→ **Provided data**
----------

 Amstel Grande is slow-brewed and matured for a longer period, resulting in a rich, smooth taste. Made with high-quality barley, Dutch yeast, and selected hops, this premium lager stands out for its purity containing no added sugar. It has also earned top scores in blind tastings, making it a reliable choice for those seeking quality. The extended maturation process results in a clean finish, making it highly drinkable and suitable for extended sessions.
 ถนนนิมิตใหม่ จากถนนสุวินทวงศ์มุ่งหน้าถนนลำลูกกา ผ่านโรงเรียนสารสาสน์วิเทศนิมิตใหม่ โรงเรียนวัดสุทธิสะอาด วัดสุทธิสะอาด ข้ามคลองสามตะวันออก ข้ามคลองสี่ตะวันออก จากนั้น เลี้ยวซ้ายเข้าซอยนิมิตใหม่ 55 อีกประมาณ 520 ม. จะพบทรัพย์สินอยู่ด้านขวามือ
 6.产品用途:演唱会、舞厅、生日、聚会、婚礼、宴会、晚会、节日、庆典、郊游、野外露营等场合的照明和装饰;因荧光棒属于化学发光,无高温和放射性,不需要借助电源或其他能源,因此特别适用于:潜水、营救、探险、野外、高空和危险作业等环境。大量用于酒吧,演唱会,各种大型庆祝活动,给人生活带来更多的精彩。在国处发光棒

----------

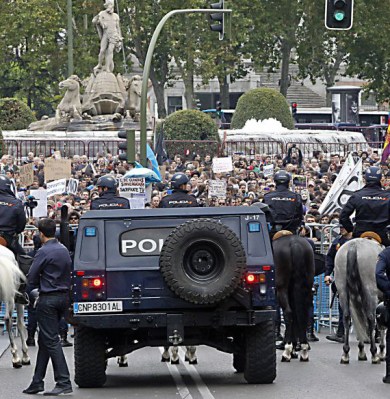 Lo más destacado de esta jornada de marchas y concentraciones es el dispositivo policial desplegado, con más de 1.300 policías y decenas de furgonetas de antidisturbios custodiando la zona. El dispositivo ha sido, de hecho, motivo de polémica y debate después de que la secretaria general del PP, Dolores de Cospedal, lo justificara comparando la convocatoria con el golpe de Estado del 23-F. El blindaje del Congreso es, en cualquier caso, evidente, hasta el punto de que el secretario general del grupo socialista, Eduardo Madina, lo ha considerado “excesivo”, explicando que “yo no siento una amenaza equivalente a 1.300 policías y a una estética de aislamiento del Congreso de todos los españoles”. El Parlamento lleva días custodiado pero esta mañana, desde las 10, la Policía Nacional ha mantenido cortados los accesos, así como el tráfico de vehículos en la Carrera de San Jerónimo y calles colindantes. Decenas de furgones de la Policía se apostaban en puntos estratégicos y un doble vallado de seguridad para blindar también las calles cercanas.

----------

→ **About this task**
Repeat word for word the lines above that run from the line containing "Amstel Grande is" through the line containing "520 ม. จะพบทรัพย์สินอยู่ด้านขวามือ", both ends included, and nothing else.

→ **Response for this exercise**
 Amstel Grande is slow-brewed and matured for a longer period, resulting in a rich, smooth taste. Made with high-quality barley, Dutch yeast, and selected hops, this premium lager stands out for its purity containing no added sugar. It has also earned top scores in blind tastings, making it a reliable choice for those seeking quality. The extended maturation process results in a clean finish, making it highly drinkable and suitable for extended sessions.
 ถนนนิมิตใหม่ จากถนนสุวินทวงศ์มุ่งหน้าถนนลำลูกกา ผ่านโรงเรียนสารสาสน์วิเทศนิมิตใหม่ โรงเรียนวัดสุทธิสะอาด วัดสุทธิสะอาด ข้ามคลองสามตะวันออก ข้ามคลองสี่ตะวันออก จากนั้น เลี้ยวซ้ายเข้าซอยนิมิตใหม่ 55 อีกประมาณ 520 ม. จะพบทรัพย์สินอยู่ด้านขวามือ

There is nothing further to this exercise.